4. Sustainability: Corrective maintenance and evolutionary maintenance are simplified, reducing associated costs and expanding the capacity of the ecosystem to grow and adapt to the real needs of the business.
5. The systems that form the information ecosystem are aligned with the actual operation of the business, with its required events and times of response.
6. The user experience significantly improves.
We will not end this post without pointing a nuance to what has been said so far: there are cases where the request-response pattern is fully justified, of course. Sometimes, the volume of data that correspond to a particular entity, is excessive to incorporate it into the database of an application. In these scenarios, it is legitimate to adopt the request-response pattern so that this application only recovers that data when it knows that it will use it.
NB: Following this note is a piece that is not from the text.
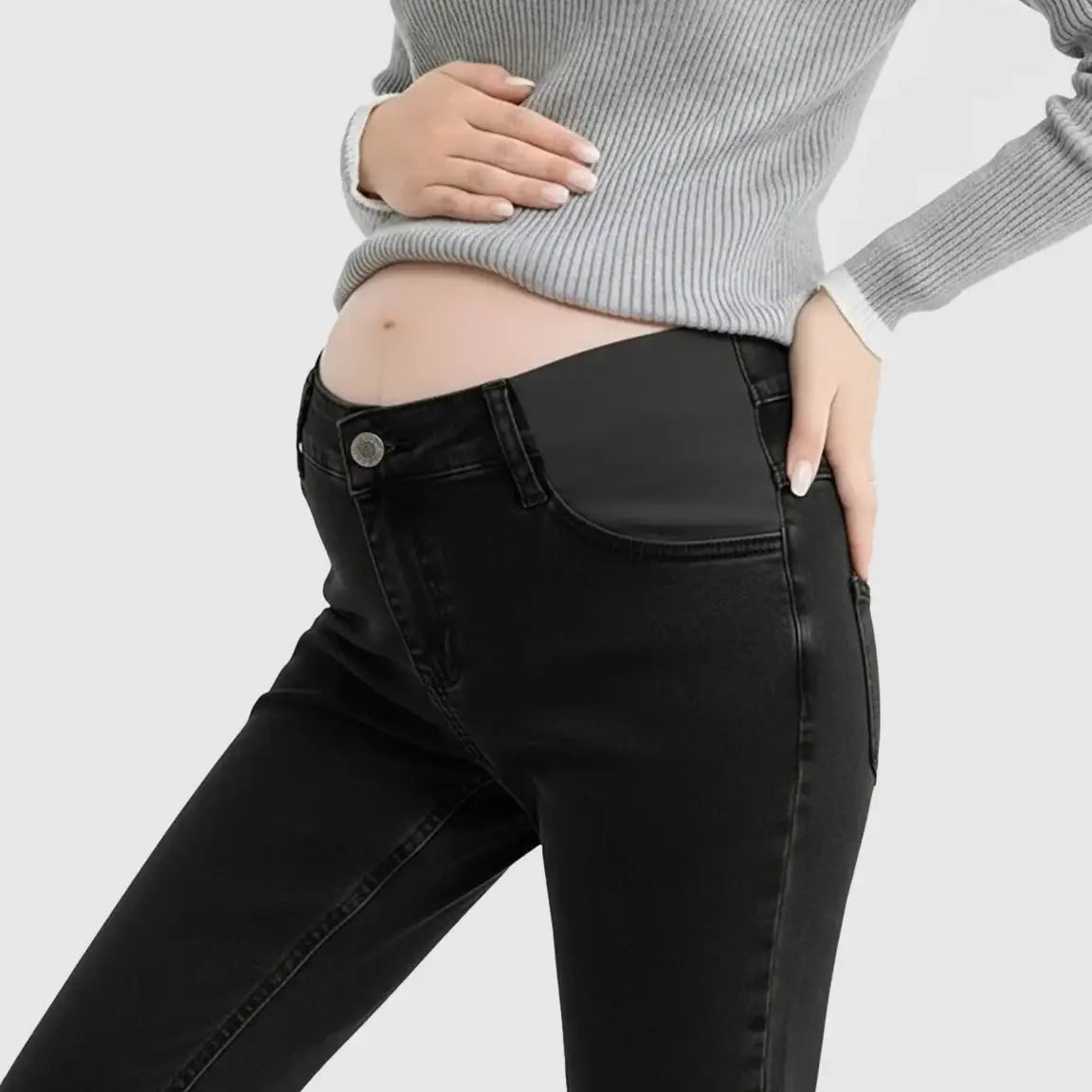 The Side Panel Straight-Leg Maternity Jeans blend classic denim style with bump-friendly comfort. Soft, stretchy maternity denim and a high-waist side panel gently support your growing belly without pressure.

A clear example of this can be found in hospitals. The departmental systems can offer a specialized service, with a very limited use to certain diagnoses, to certain patients. Therefore it is not logical that these systems subscribe to the hospital’s census services to receive the information of the entire population admitted at any given time. Instead, when they receive the request for one of the diagnostic or analytical tests they perform, they invoke the patient data retrieval service to receive their information, since they only need to know the patients whose tests they must perform, not the complete census of the hospital.
You should always analyze each case. But in my experience, the SOA strategy often encounters an obstacle in the request-response pattern, in its widespread use as a solution to all integration requirements within an information ecosystem. It is difficult to recognize that abuse of this pattern is among the main causes of spaghetti architectures. It is difficult to change the mindset of the ICT leaders of the organizations, and the ICT professionals of many companies. Resistance to change weighs heavily, and one of the most paralyzing phrases in the evolution of ICTs often appears: “it’s always been done this way.”